As they turned slowly toward the house Dalton mentioned his resolve to speak to Alfred that evening about their engagement, and Georgina supplied no objection. She knew that her brother would not relish the loss of a faithful manager and companion, but believed his affection would place no barrier in the way of her happiness.
Later that evening Clarendon came into the house with a springy step and aspect less grim than usual. Dalton, seeing a good omen in this easy buoyancy, took heart as the doctor wrung his hand with a jovial “Ah, Jimmy, how’s politics this year?” He glanced at Georgina, and she quietly excused herself, while the two men settled down to a chat on general subjects. Little by little, amidst many reminders of their old youthful days, Dalton worked toward his point; till at last he came out plainly with the crucial query.
“Alf, I want to marry Georgina. Have we your blessing?”
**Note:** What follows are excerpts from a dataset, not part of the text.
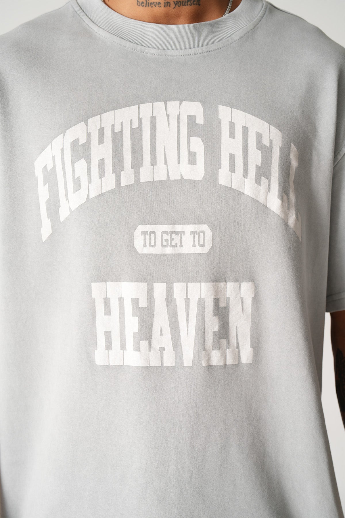 • Washed solid color with visual on the front
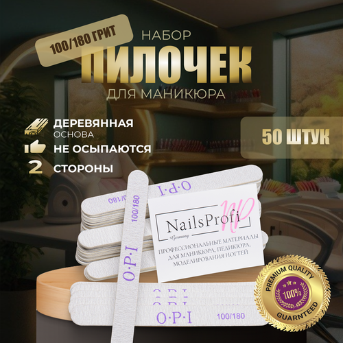 НАЙТИ ВЫГОДНЕЕ - NailsProfi, Пилки для ногтей OPI прямые, 100/180, 50 шт, набор, пилки, пилочки для маникюра
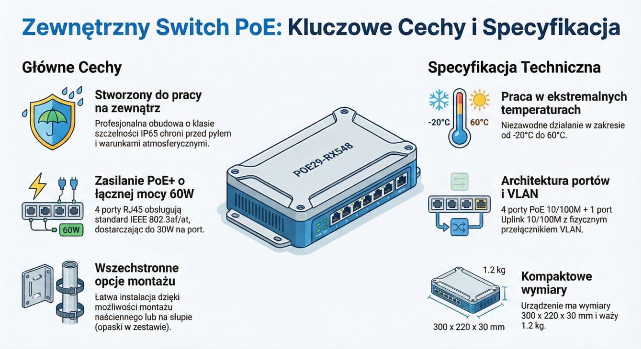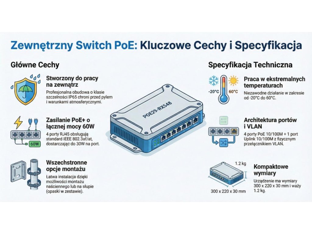 | Porty RJ45 | 5 × 10/100 Mb/s RJ45 (porty 1-4 PoE, port 5 uplink) |
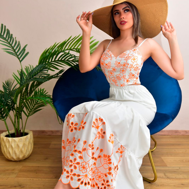 Top de tirantes ajustables. Elástico fruncido en espalda. Hermoso detalle de bordado floral.
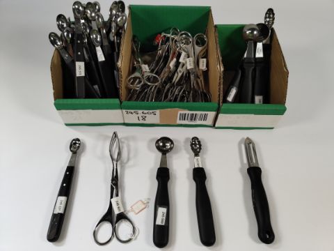 A quantity of Wusthof related items to include pastry tongs (5902), round melon ballers 30mm (4240) and oval plain melon ballers 18mm (4242) (tray not included).
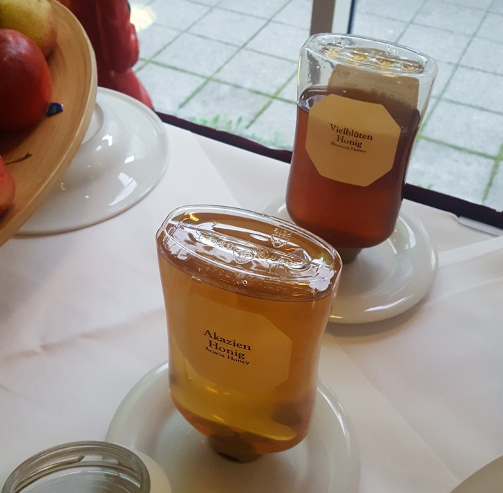 Акацієвий мед на передньому плані і квітковий — на задньому.
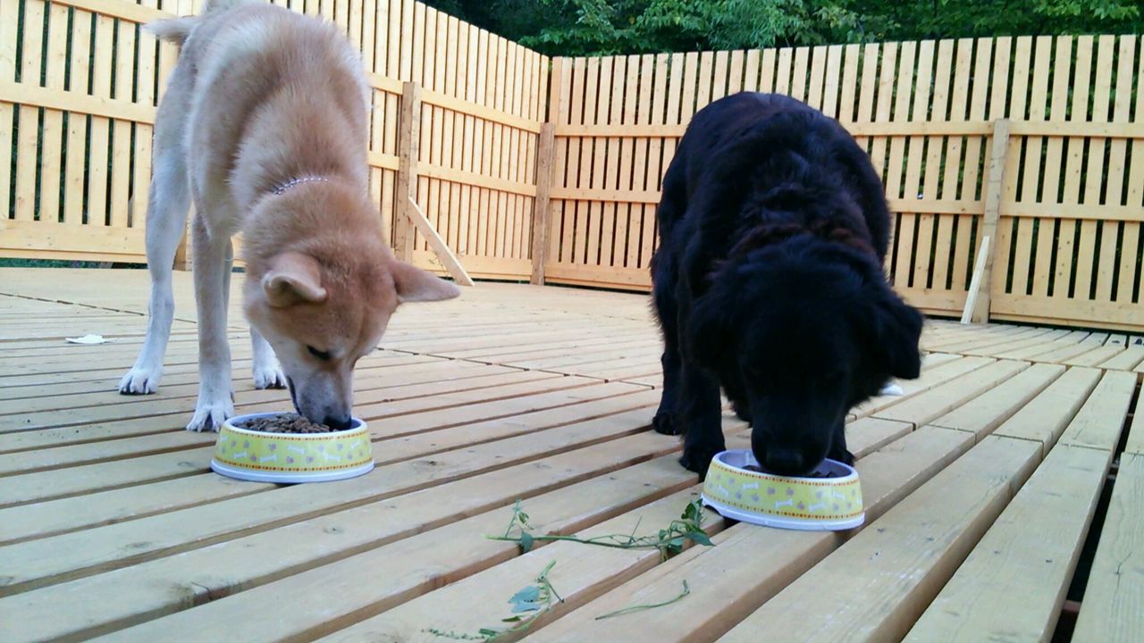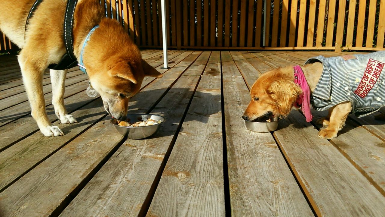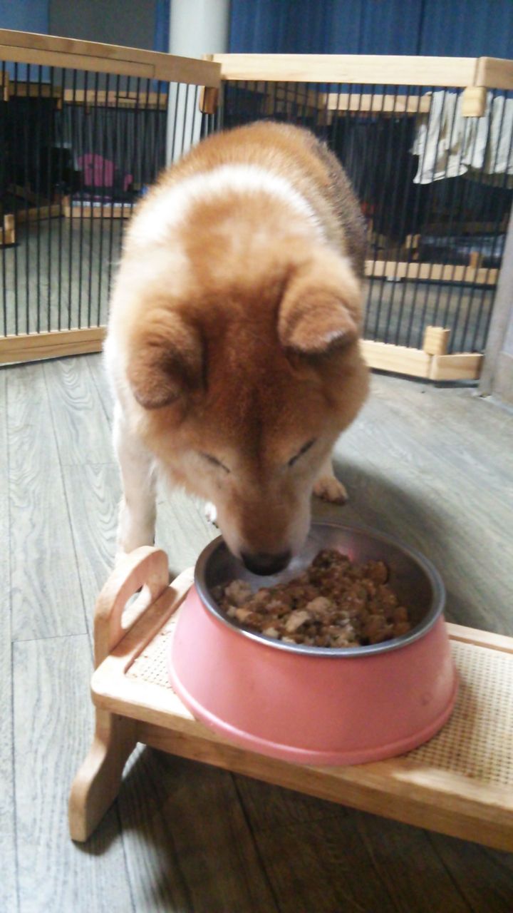 生涯お預かり柴犬タローくんゆっくり食べています。

Keenly watching his old friend, Dalton saw a shadow steal over his face. The dark eyes flashed for a moment, then veiled themselves as wonted placidity returned. So science or selfishness was at work after all!
“You’re asking an impossibility, James. Georgina isn’t the aimless butterfly she was years ago. She has a place in the
service of truth and mankind now, and that place is here. She’s decided to devote her life to my work—to the household that makes my work possible—and there’s no room for desertion or personal caprice.”
Dalton waited to see if he had finished. The same old fanaticism—humanity versus the individual—and the doctor was going to let it spoil his sister’s life! Then he tried to answer.
“But look here, Alf, do you mean to say that Georgina, in particular, is so necessary to your work that you must make a slave and martyr of her? Use your sense of proportion, man! If it were a question of Surama or somebody in the utter thick of your experiments it might be different; but after all, Georgina is only a housekeeper to you in the last analysis. She has promised to be my wife and says that she loves me. Have you the right to cut her off from the life that belongs to her? Have you the right—“
“That’ll do, James!” Clarendon’s face was set and white. “Whether or not I have the right to govern my own family is no business of an outsider.”
“Outsider—you can say that to a man who—“ Dalton almost choked as the steely voice of the doctor interrupted him again.
“An outsider to my family, and from now on an outsider to my home. Dalton, your presumption goes just a little too far! Good evening, Governor!”
And Clarendon strode from the room without extending his hand.